Still confused? Marshall, Parker, & Weber provide a great case study that illustrates what happens:
John and Marian Jones have a home and $50,000 of savings when John enters a nursing home for a long term stay. Under Medicaid spousal impoverishment rules, Marian is allowed to keep $25,000 as her protected allowance and John is permitted to retain $2,000. They have $23,000 in excess resources that prevent John from being eligible for Medicaid.
After John’s admission to the nursing home, Marian spends the $23,000 excess by paying off the mortgage on the couple’s home, some credit card debt, and by making an advance payment of real estate taxes. Because Marian now has only $25,000 and John has only $2,000 left, John is eligible for Medicaid.
While at first glance it may seem grim to have to spend their savings in such a hurried way, it is important to remember that nursing home costs hundreds of dollars a day, and now Medicaid will be covering that for John so Marian does not have to.
If you aren’t married, your assets can be sold in order to pay for your care until you reach the $2,000 threshold, thus qualifying for Medicaid. As was the case with my great grandmother who did have assets at the time she had a stroke and went into a nursing home, her assets paid for her care for the first months in the facility. Because she paid out of pocket, she was able to have a private room. After she reached $2,000, she qualified for Medicaid and was moved to a room that was shared with other patients. This change, of course, depends on the nursing home and situation.

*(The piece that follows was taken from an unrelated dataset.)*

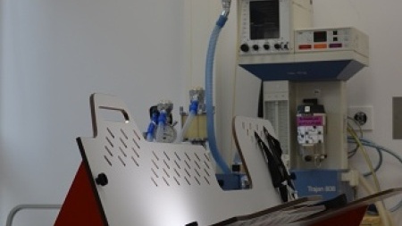 Dieser Raum ist für die Einleitung von Narkosen vorgesehen. Bei uns werden alle chirurgischen Patienten in diesem Raum in Narkose gelegt und direkt an ein Narkosegerät zur Inhalationsnarkose angeschlossen. Auf diese Weise wird sowohl das Narkoserisiko als auch der Stress für Ihr Tier deutlich reduziert. Auch wenn es für Sie den Nachteil hat, dass Sie bei der Narkoseeinleitung nicht dabei sein können - für den Patienten ist dieses Vorgehen von großem Vorteil. Der Raum ist nicht nur für die Einleitung von Narkosen ausgestattet, sondern auch mit einer umfangreichen Notfallausstattung. Ferner werden Patienten hier geschoren und gewaschen - also auch für die eigentliche Operation vorbereitet.

Seniors who have some assets that they would prefer to leave to their kids rather than pay to a nursing home have been known to get creative in trying to get around these rules. For starters, IRA accounts for people over the age of 70 and a half are generally considered off-limits as assets that disqualify a person for Medicaid. And some seniors choose to give their money to their kids early, so that if the time comes that they need a nursing home they’ll technically be asset-less and Medicaid will pay.
However, while your IRA savings may be off-limits in your lifetime, they might be claimed to retroactively pay back Medicaid after you’re gone. And if you give money to your kids the government will still consider it "your" money for five years — so you’ll have to stay healthy enough to avoid a nursing home until year six for this plan to work.

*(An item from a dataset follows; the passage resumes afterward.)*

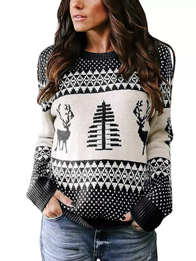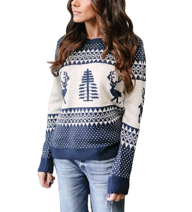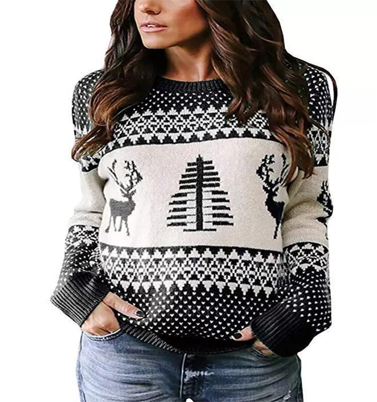 Women's knitwear long sleeve contrast color Christmas styles autumn winter oversized Ladies sweater

You’re probably reading this and wondering if there is a way to avoid the whole process, and luckily there is. Your life insurance carrier may offer a long-term care insurance rider in addition to your standard coverage.
Long-term care insurance can cover the costs of a nursing home or other similar medical care, though different plans involve different deductibles and cover different amounts of time. The average deductible is equal to the cost of 90 days.
The average age of someone buying a personal plan for LTC insurance is 60, while those who buy it through their employer are 50. Of course, the younger you are when buy the insurance, the cheaper it is. If you are interested in the rates and conditions, get a long-term care insurance quote or see our primer to learn more.
Long-term care insurance can be expensive, but it comes with a lot of benefits. For starters, it’s a lot cheaper than paying for a nursing home out of pocket, which can easily hit $150,000 per year. It allows you to get coverage without having to spend or give away all your money first. And it allows you better and more flexible care than Medicaid would, with options like at-home nursing care, which Medicaid won’t provide.
Whether higher quality elder care should be a part of the guaranteed social contract is a political debate that won’t end anytime soon. But long-term care does not have to be a looming, unknowable threat in the future. Knowledge is power, and now that you know a bit about what happens to your finances when it happens you will be more prepared for the road ahead.